On When and How to use SAT to Mine Frequent Itemsets

On When and How to use SAT to Mine Frequent Itemsets

A new stream of research was born in the last decade with the goal of mining itemsets of interest using Constraint Programming (CP). This has promoted a natural way to combine complex constraints in a highly flexible manner. Although CP state-of-the-art solutions formulate the task using Boolean variables, the few attempts to adopt propositional Satisfiability (SAT) provided an unsatisfactory performance. This work deepens the study on when and how to use SAT for the frequent itemset mining (FIM) problem by defining different encodings with multiple task-driven enumeration options and search strategies. Although for the majority of the scenarios SAT-based solutions appear to be non-competitive with CP peers, results show a variety of interesting cases where SAT encodings are the best option.


💡 Research Summary

The paper investigates the conditions under which propositional satisfiability (SAT) solvers can be effectively employed for frequent itemset mining (FIM), a classic data‑mining task traditionally tackled with constraint programming (CP). While CP has become the de‑facto standard because Boolean variables combined with sophisticated domain‑propagation mechanisms allow flexible modeling of complex constraints, early attempts to translate FIM into SAT yielded disappointing performance. The authors therefore conduct a systematic study that spans three distinct SAT encodings, multiple enumeration schemes, and several search‑strategy enhancements, aiming to pinpoint the scenarios where SAT can match or surpass CP.
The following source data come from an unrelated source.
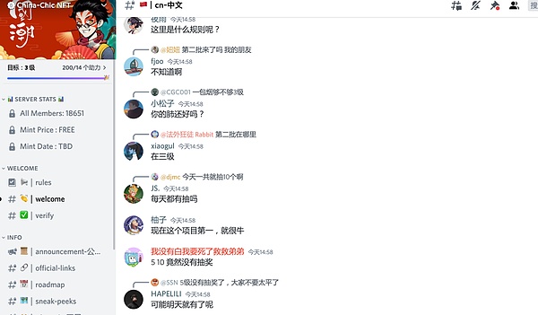 项目方可能感受到中国文化可以做成NFT,市场潜力巨大的机会,再者结合一些潮流元素,这样的启发,国潮NFT应运而出。各大博主及NFT爱好者们纷纷力推ChinaChic NFT,短短10天时间discord社区已经2万人,并且热度持续升高。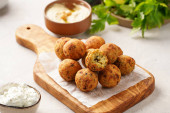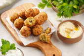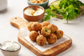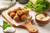 Zdjęcie "Tradycyjny orientalny ciecierzyca smażony falafel na desce drewnianej, tzatziki sos jogurtowy, hummus, świeże limonki i zielone kolendry na jasnej powierzchni" może być wykorzystywane do celów osobistych i komercyjnych zgodnie z warunkami zakupionej licencji Royalty-free. Obraz jest dostępny do pobrania w jakości wysokiej rozdzielczości do 5760x3840.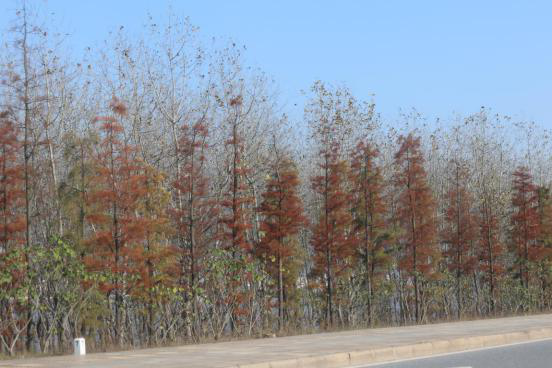 秋风吹红了路的两侧,风景也挺不错的,天窗一开,虽然风有点凉,空气很清新
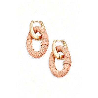 Slickblue Women's Oval Wrap Hoop Earrings, Faux Leather Detail, Drop Earrings, Vintage Chic, Pink, 2" Length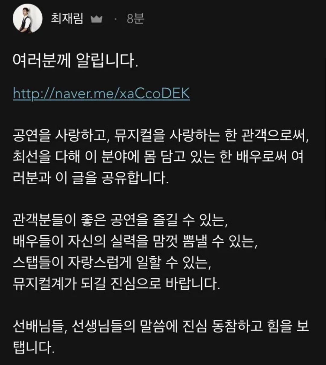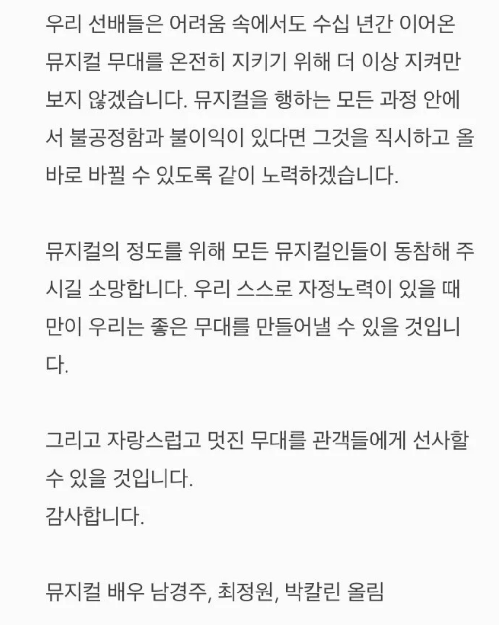 그리고.. 뮤지컬 모르는 사람들도 대충 얼굴은 알 정도로 유명한 1세대 뮤지컬 배우들이 호소문을 올림
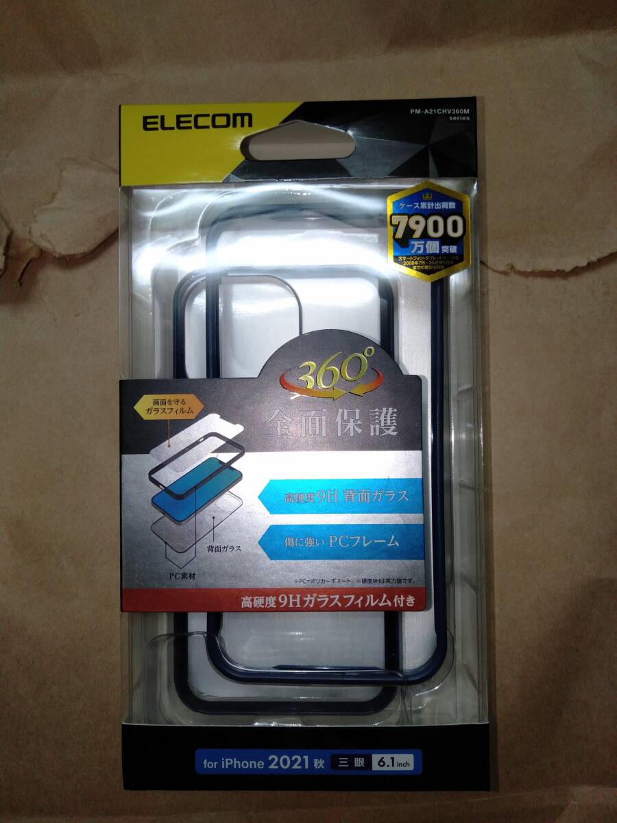 ELECOM iPhone 13 Pro ハイブリッドケース 360度保護 背面ガラス ブルー 前面と背面の強化ガラスと側面の傷に強いポリカーボネート素材

First, three encoding families are introduced. The item‑based encoding directly maps each item to a Boolean variable and represents each transaction as a set of clauses that enforce inclusion relationships; the minimum support constraint is expressed as a cardinality clause over the item variables. The transaction‑based encoding flips the perspective: Boolean variables denote whether a transaction is selected, and the presence of items follows from these selections; support constraints become clauses on the sum of selected transactions. The hybrid encoding combines the strengths of both: support constraints are handled transaction‑wise, while inter‑item exclusion or inclusion constraints are expressed item‑wise, thereby reducing the overall clause count and improving propagation.

Second, the authors explore four enumeration strategies. A straightforward lexicographic enumeration forces the SAT solver to generate solutions in a fixed variable order. For maximal itemset enumeration, a blocking clause is added after each solution to forbid any superset, ensuring only maximal sets are produced. Closed‑itemset enumeration introduces additional clauses that block any solution that can be extended without violating support, guaranteeing closure. Finally, a conflict‑driven blocking technique leverages the solver’s learned clauses: when a conflict occurs, the derived clause is reused to prevent revisiting the same region of the search space, dramatically cutting redundancy.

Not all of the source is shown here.